Wednesday, October 26, 2011

Just a thought.

100 years - Five for Fighting

Its that moment. Yes, when you're staring into blank space and you just begin to think about all you've done till now. C'mon, don't lie to yourself, you know you've had it. Be it once or twice or countless times, you know what I'm talking about.

Weirdly enough, I must say this is quite a fitting song to be listening to. Heh! Well well, here I am in the States. Never thought I'd actually get here for free but hey, I'm not complaining. Though next time, I'd like to be here to take a real holiday. And hopefully it'll be with my baby girl. That'll be nice. No worries about where I am with her. No complains. Except that I miss her too much. In fact I worry I maybe a little dependent her. More than I'd like but know her, it's exactly what she wants. Rachel's like that. She's pure and the only thing she wants is to make me happy. I know it. Best part? She doesn't go out of her way. I know that sounds stupid but when you think about it, it's those extravagant notions of love that makes one partner feel out of place.

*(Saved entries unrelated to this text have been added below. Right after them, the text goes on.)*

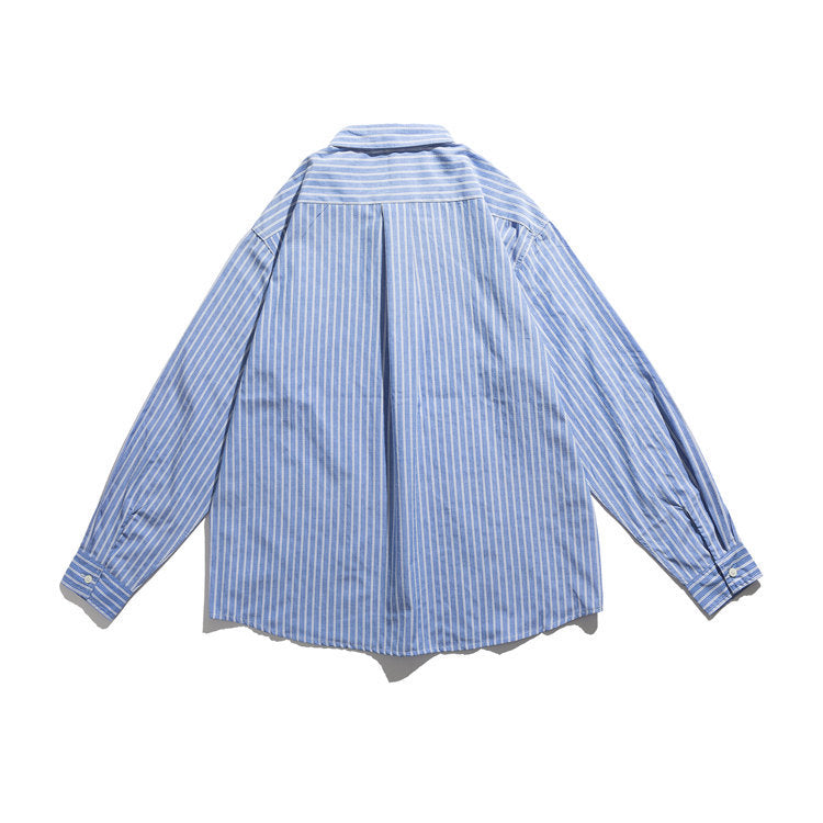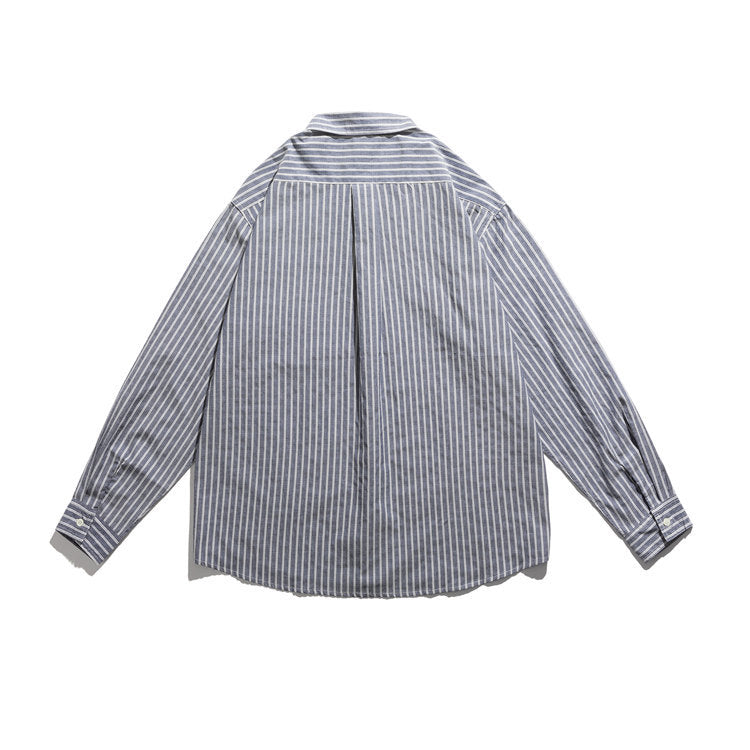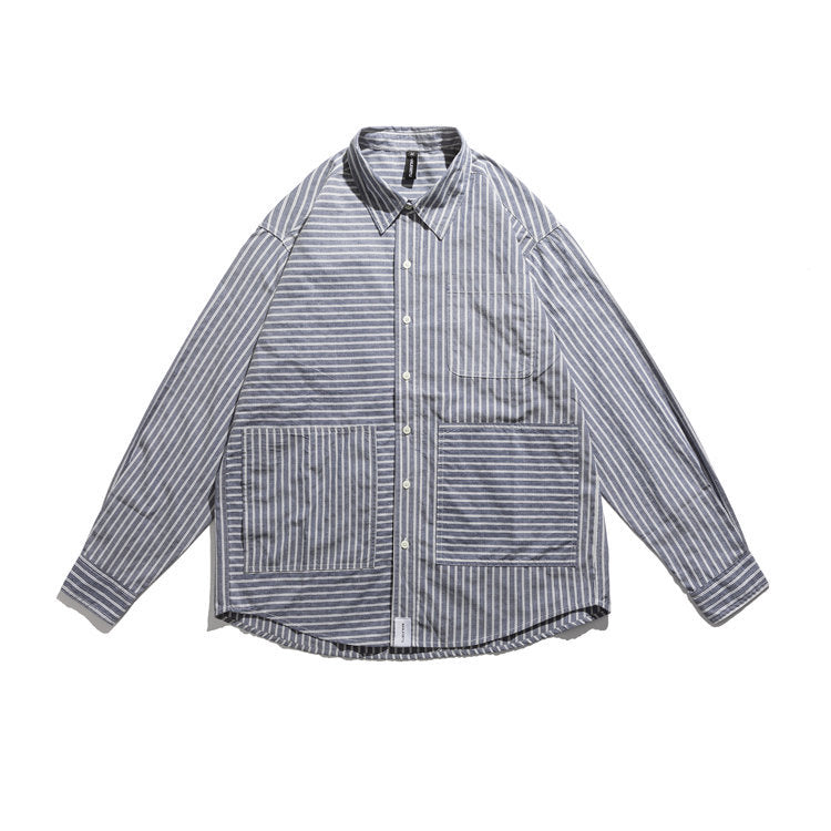 Men Shacket Long Sleeve Autumn Shirt Autumn Shirt Campus Student Three-Dimensional Pocket Loose Striped Shirt Men
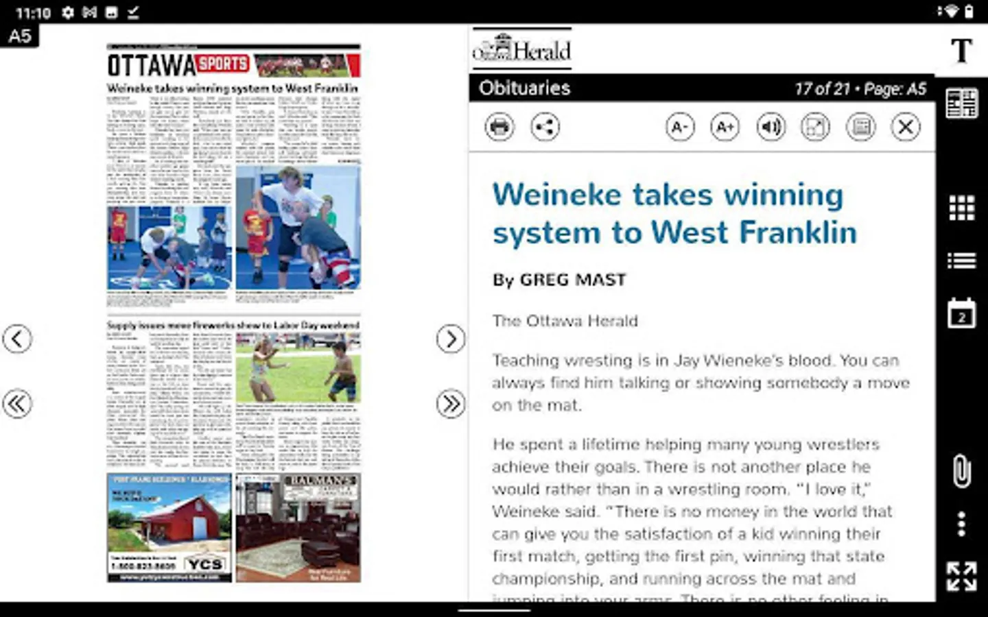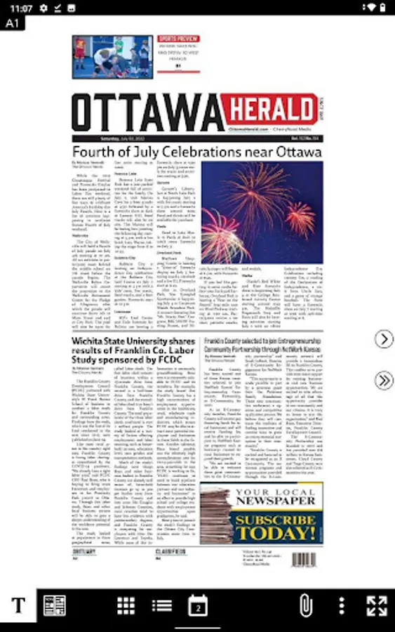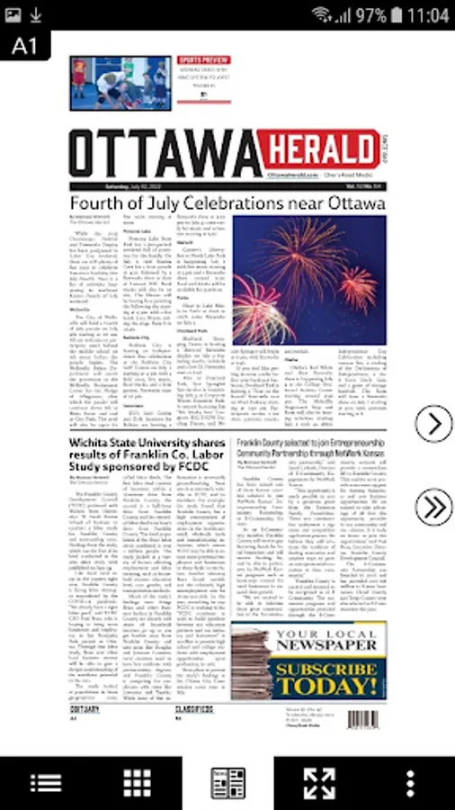 The Ottawa Herald eEdition is an exact digital replica of the printed newspaper. Readers of the paper can flip through the pages, read stories, photos, and view ads just they appeared in print.
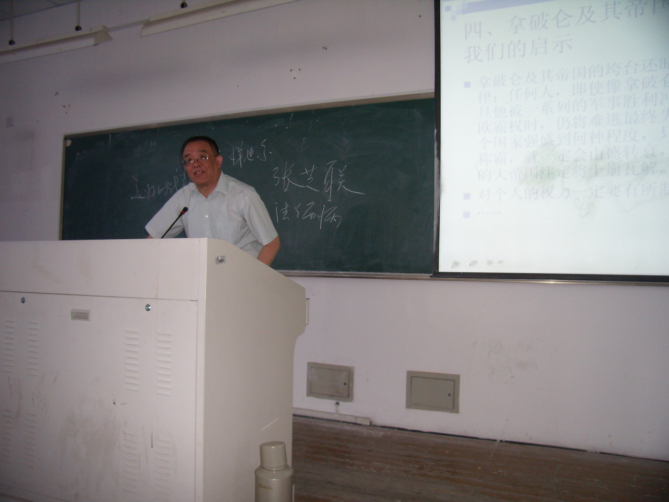 5月7日上午8时,400全讯白菜网301大教室早已挤满了人,等待聆听浙江大学400全讯白菜网副院长、历史系博士生导师吕一民教授的讲座《拿破仑的崛起与法兰西第一帝国的兴衰漫谈》。吕教授在法国史研究方面有很高的造诣,曾出版过《大国通史-法国通史》、《一九一八--一九三九年的法国》、《世界著名首相传》、《世界著名记者传》、《法兰西的兴衰》、《20世纪法国知识分子的历程》等专著。此外还翻译了《知识分子的鸦片》、《卡尔•波普》、《自由之声--19世纪法国公共知识界大观》、《公民的加冕礼:法国普选史 》、《海德格尔》、《耶稣会士中国书简集:中国回忆录》等书籍。郑春生、蔡瑞霞、陈勇等老师也聆听了讲座。
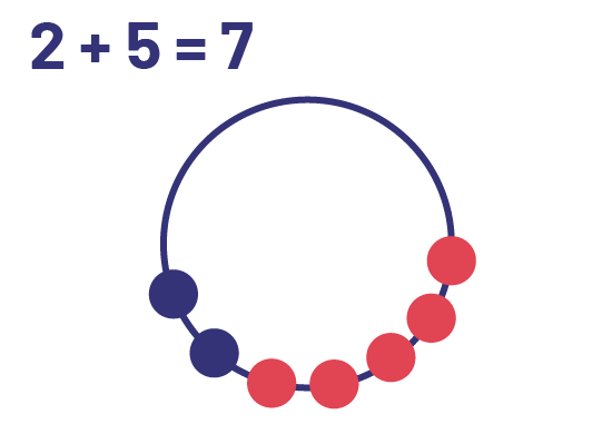 Ask students to make a necklace by stringing 5 red beads and 2 blue beads, then suggest they write the corresponding number sentence.
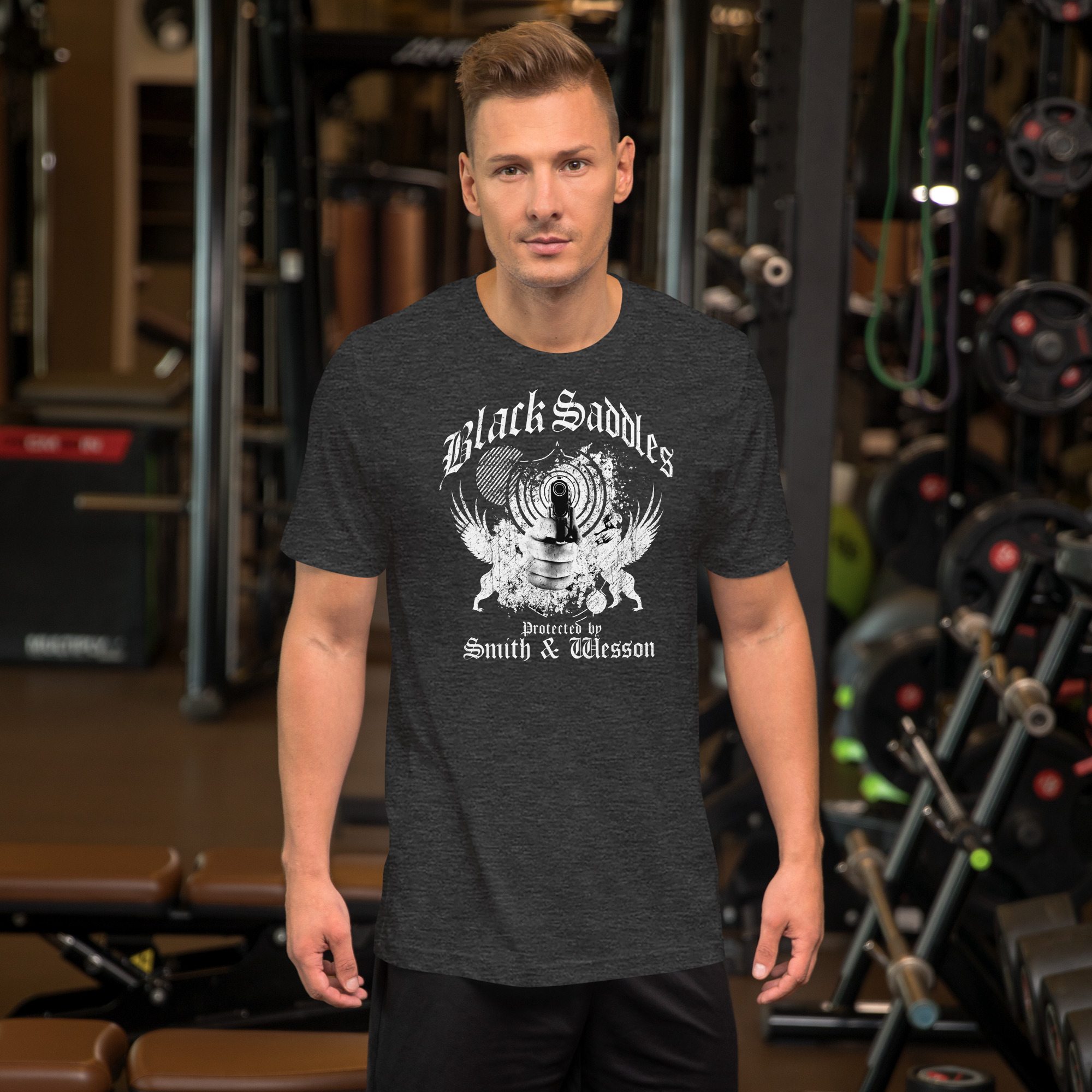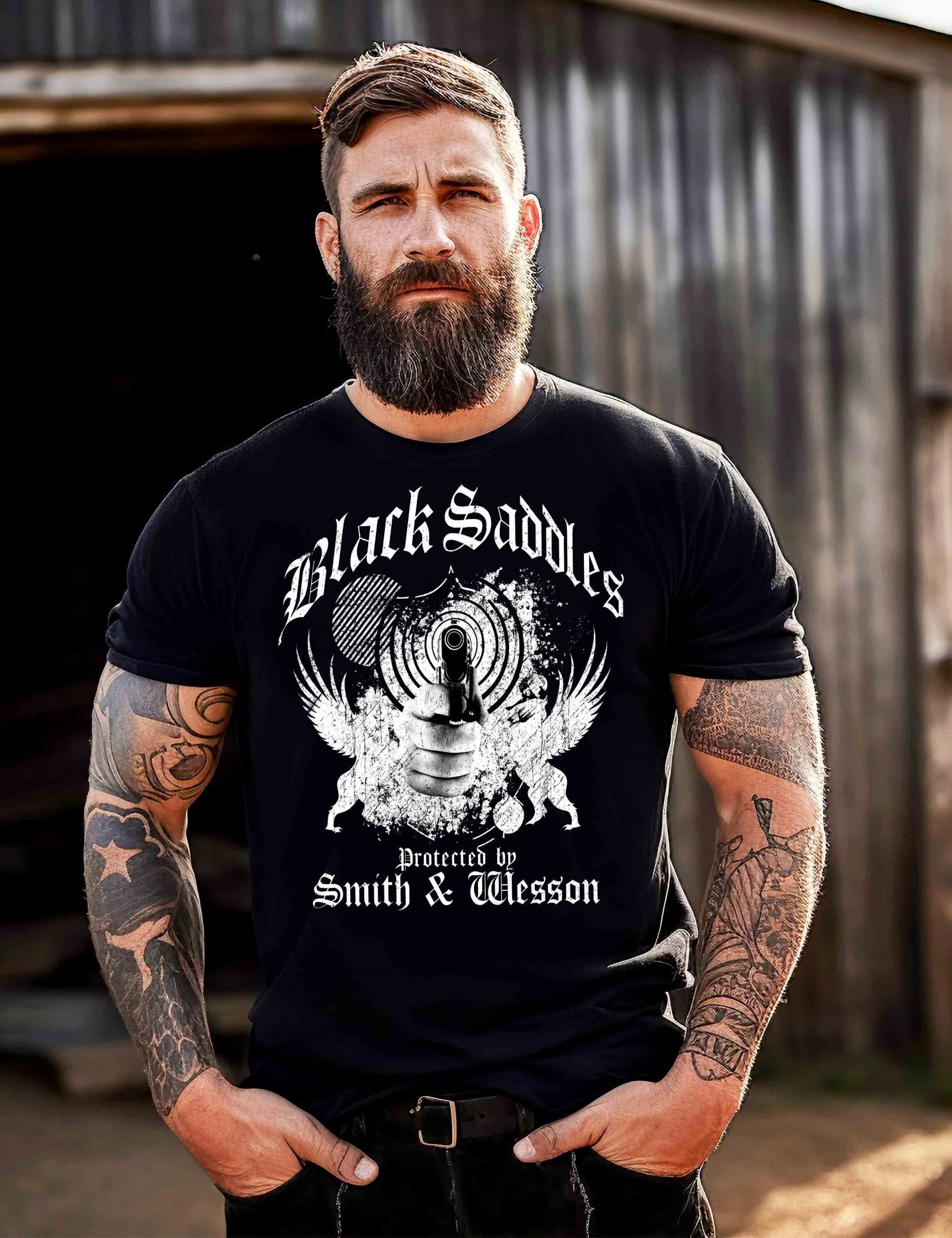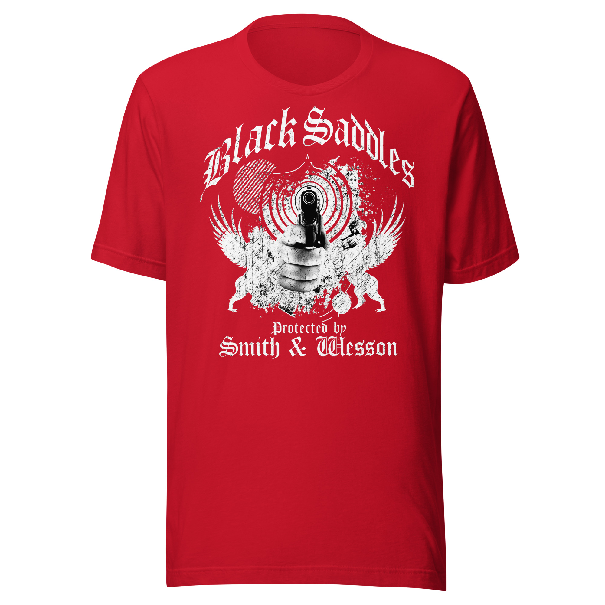 Freedom isn’t given — it’s defended. The Black Saddles Protected by Smith & Wesson tee is a loud-and-clear message that the American spirit stands ready. Featuring a front-and-center muzzle perspective with winged defenders and gritty distressed artwork, this design honors those who refuse to be victims.
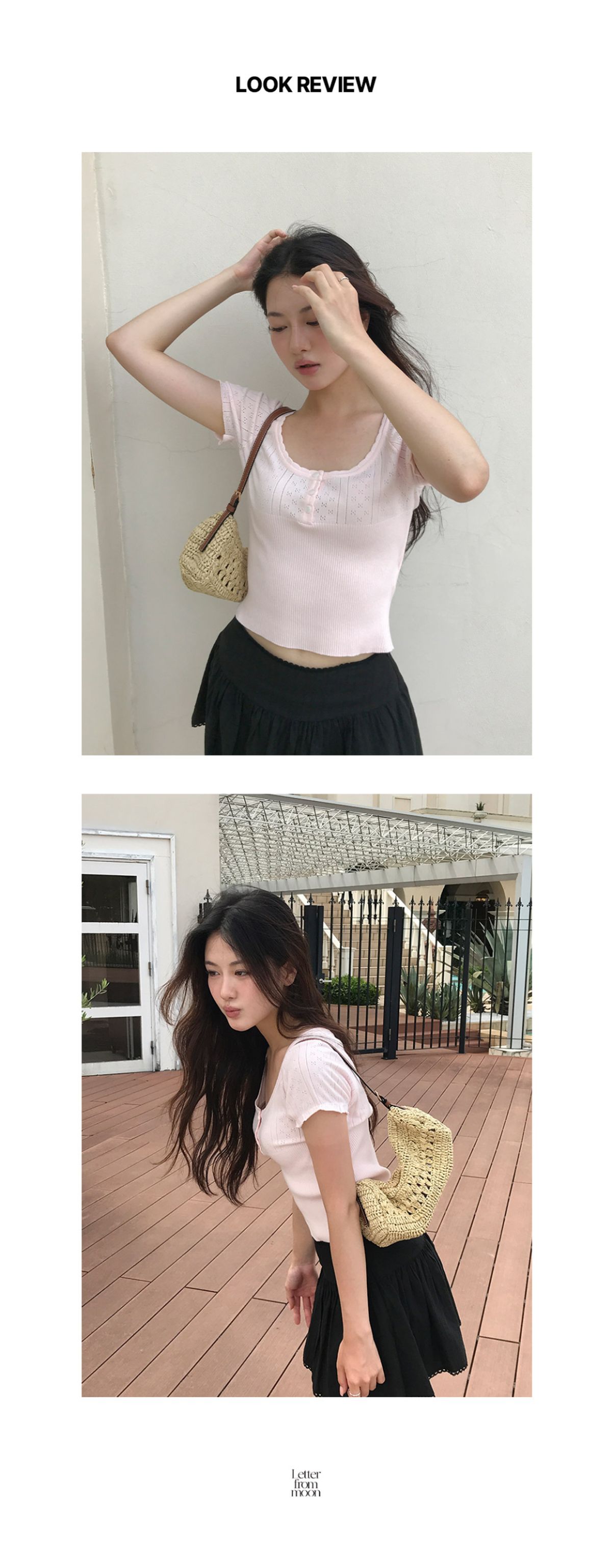 (LETTER FROM MOON) Daming Heartneck Button Knit Top ( Pink )
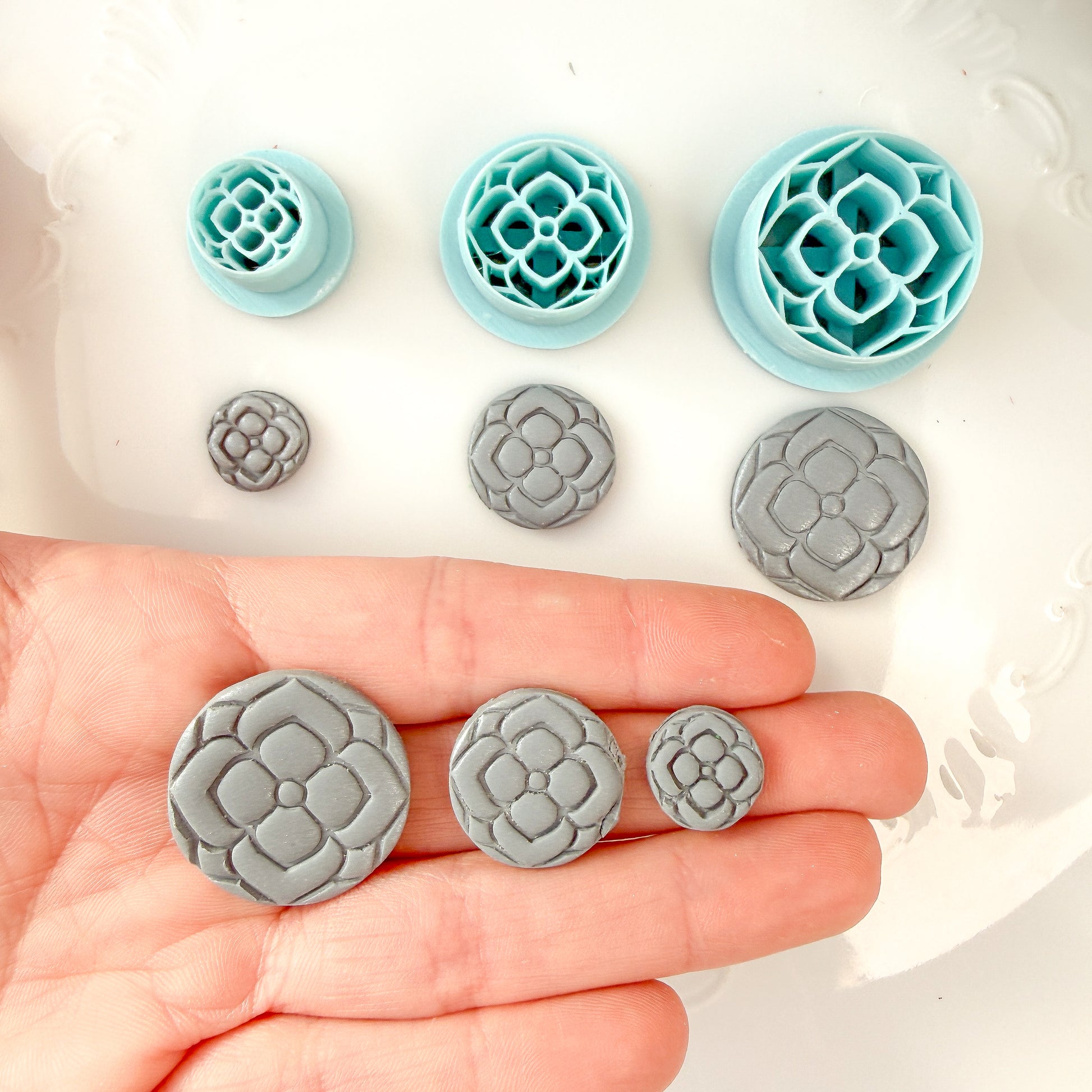 Roll clay onto a porcelain tile after conditioning. This will keep the clay on the tile and not inside the cutter. Press the cutting edge gently into your clay, making sure you cut all the way through the clay slab. You can slightly wiggle the cutter back and forth to push the surrounding clay away, making a cleaner cut edge.

Simply because to reciprocate would be impossible. That was she does for me. She makes me feel that I meant to be there, beside her, always.

She is the best thing that's happened to me till now. Of that I'm sure. =)

On other aspects, I'm a little disappointed. But I think out of that I've learnt a very painful truth. My friends still can't seem to agree with each other and it's caused problems between them. This means that my family's split. I can't believe I'm saying it but I'm done. I'm too tired. And as much as I hate it to admit it, I tried everything and failed. Social media has triumphed once again. Not has it rocked the world wide web as we know it but it's also cause my family to split. I believe a lot of this could be avoided without social media. Nothing would change their personalities but I feel that social media hastened the split.

And the lesson I've learnt? Just like how ordinary families see parent separate, kids leave the home and relatives unable to agree with other, I guess I must deal with the fact that my perfect family will no longer be one solid structure.

How is this going to affect our lives is something I have to leave to fate. I tried my best but with the number of times this has occured, I know it's out of my hands. As ridiculous as it sounds, all I can do is HOPE for things to be fine.

Argh, I hate this. 15 days till I'm home.